Page:Sand - Nouvelles Lettres d un voyageur.djvu/111

Cette page n’a pas encore été corrigée

sa patrie. Le brachypodium ramosus n’a pas de nom vulgaire que je sache ; aucun paysan n’a pu me le dire. Il porte un petit épi grêle, cinq ou six grains bien chétifs qui, çà et là, ont passé l’hiver sur leur tige sans se détacher. On ne l’utilise pas, on ne s’en occupe jamais. Il est venu là, et, comme son chaume fin et chevelu forme un gazon presque toujours vert et touffu, on l’y a laissé. Il n’y a nullement dépéri depuis sept ans que je le connais. Nul autre gazon n’eût consenti à vivre dans ces rochers et sous cette ombre des grands pins : les animaux ne le mangent pas, il n’y a que Bou-Maca, le petit âne d’Afrique, qui s’en arrange quand on l’attache dehors ; mais il aime mieux autre chose, car il casse sa corde ou la dénoue avec ses dents et s’en va, comme autrefois, chercher sa vie dans la presqu’île.
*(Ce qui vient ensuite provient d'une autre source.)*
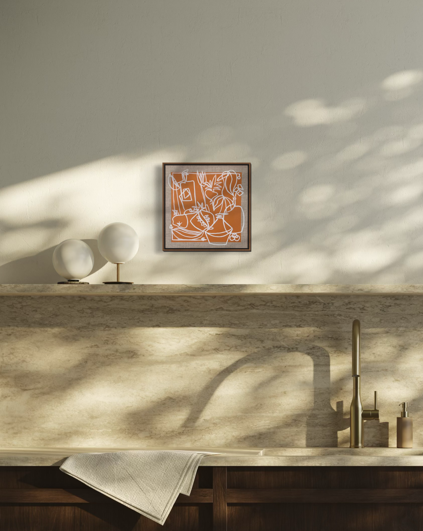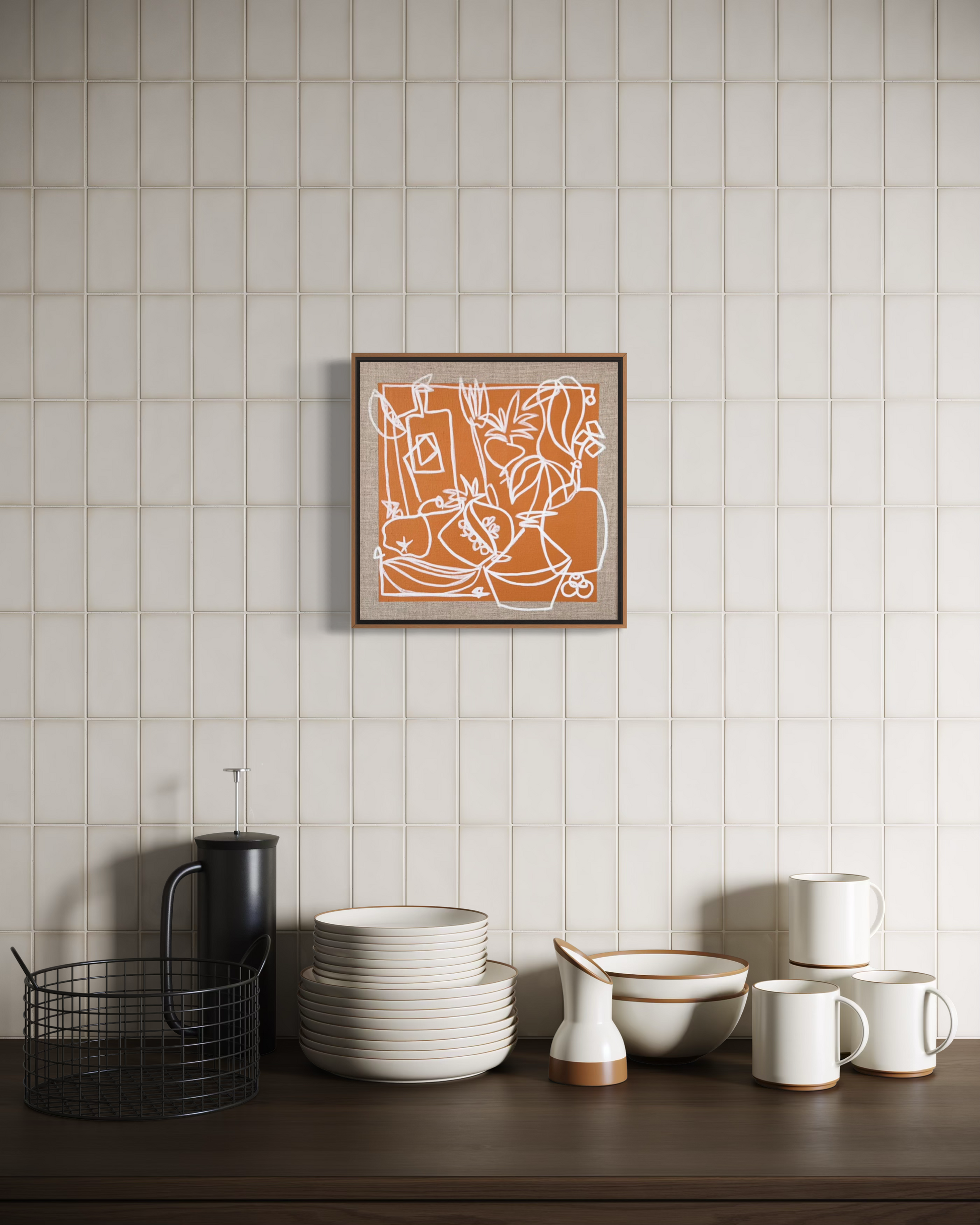 - Raw Linen + Burnt Orange Base + White Lines
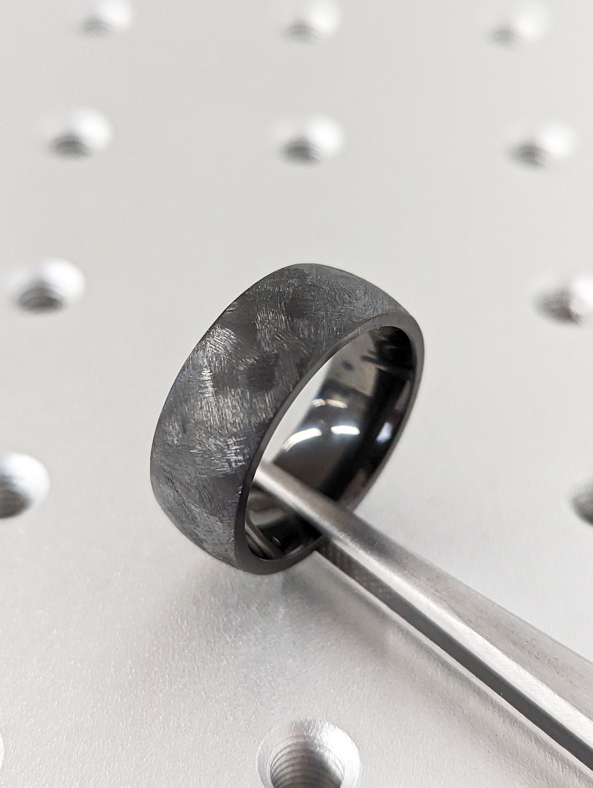 This hand made ring is crafted of the finest quality black zirconium. One of our unique custom handmade Black Zirconium ring, this piece is made with the greatest of care, the black color of the piece with its brushed finish are forever beautiful, a ring suiting as a men's wedding band as well.

J’apprends que, seul tout l’hiver dans cette bastide inhabitée, — le pauvre petit chien qui lui tenait compagnie n’est plus, — il s’est mis à vivre à l’état sauvage. Il part dès le matin, va dans la montagne ou dans la vallée promener son caprice, son appétit et ses réflexions. Il rentre quelquefois le soir à son gîte, regarde tristement son râtelier vide et repart.